Law School Launches 'Freddie Gray' Course

University of Maryland Law School

University of Maryland Law School

Law School Launches ‘Freddie Gray’ Course

 
Over the past year, the news surrounding police brutality and killings has created waves across the United States. And the law school community has not gone unscathed. Last academic year, Columbia Law School allowed students to postpone finals if they felt emotionally disturbed by the events and resulting protests. Most recently, the University of Maryland Law School in Baltimore has announced a course dedicated to Freddie Gray, who was killed in a police-related incident less than four months ago.
The course, entitled “Freddie Gray’s Baltimore: Past, Present and Moving Forward,” will be eight weeks and begins in September.
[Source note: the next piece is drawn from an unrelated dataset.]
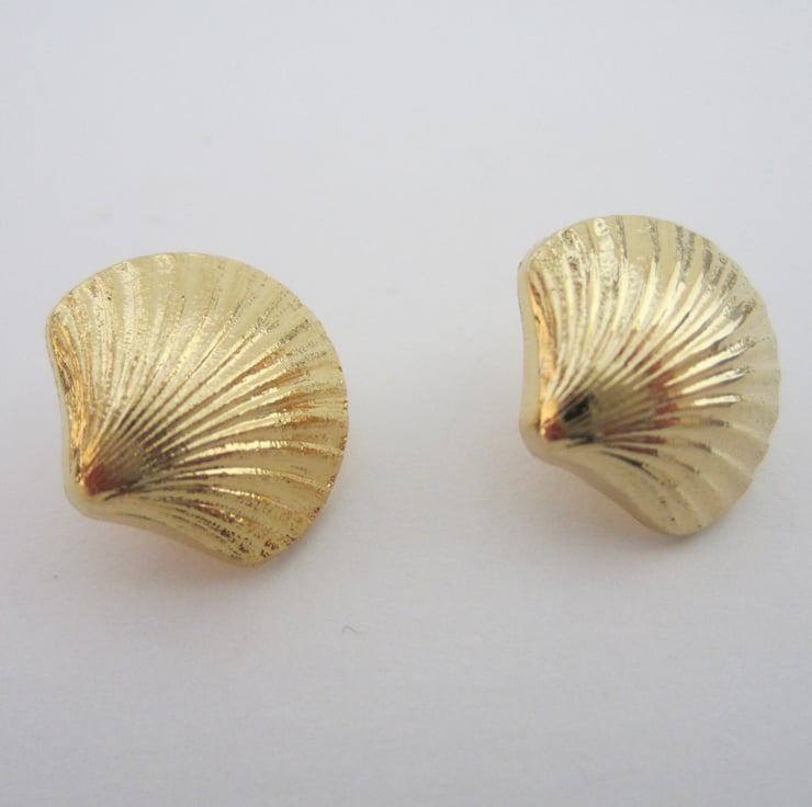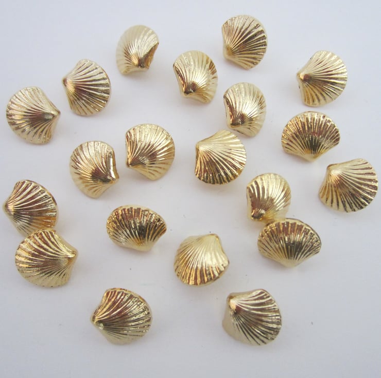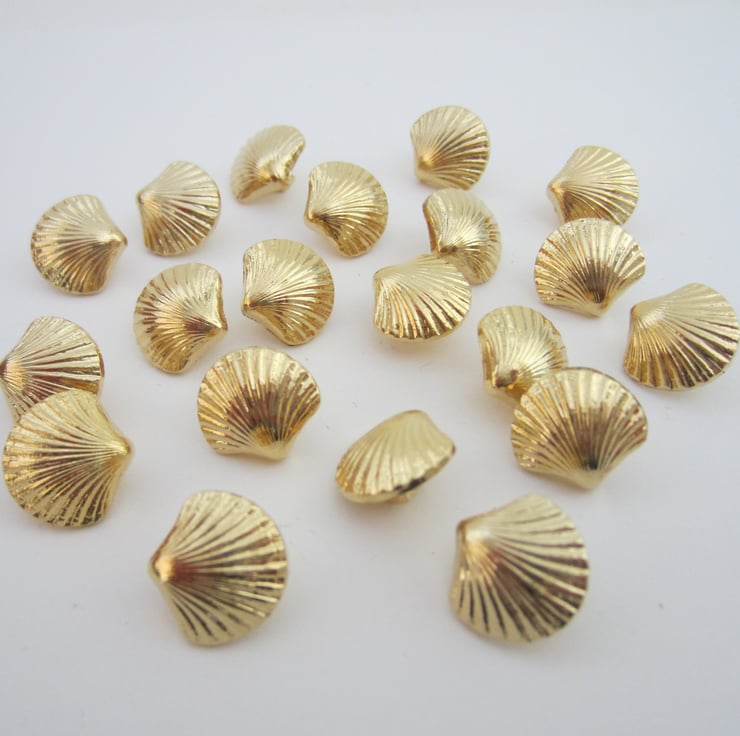 Lot of 20 little cockle shell plastic buttons with a shank in a gold colour.

Professor Michael Greenberger will be teaching the course. Greenberger heads up the school’s Center for Health and Homeland Security and specializes in counter-terrorism and emergency response legal issues.
In addition to Greenberger and other law school professors, the course will have guest lecturers from “academics, experts, and officeholders.” Students will be graded on a short paper and a solution to the problem to be presented and discussed in the class.
“We see this course as an opportunity for our students to grapple with important issues in their backyard,” the school’s dean, Donald Tobin, wrote in a statement also published in the Wall Street Journal. “We want not only to educate our students but to inspire them to act on what they’ve learned and work with our neighbors in West Baltimore to strengthen our community and city.”
From the course description:
“The idea for this course emanates from the recent disturbances in Baltimore arising from Freddie Gray’s arrest and his resulting death. These events have highlighted and/or uncovered serious on-going social and financial dislocations within the City. The course will examine the recent unrest itself and then examine the causes of, and possible solutions to, those dislocations, including an examination of problems in policing; criminal justice; housing; health care; education; poverty; and community development and joblessness.
The course is not viewed by its organizers as an end in itself. Rather, it is intended to be a springboard for further student and faculty involvement in citizen and government efforts to reform law and policy in the subject matter areas listed above. Students will be apprised throughout the course of volunteer opportunities to work on the issues addressed in the course.”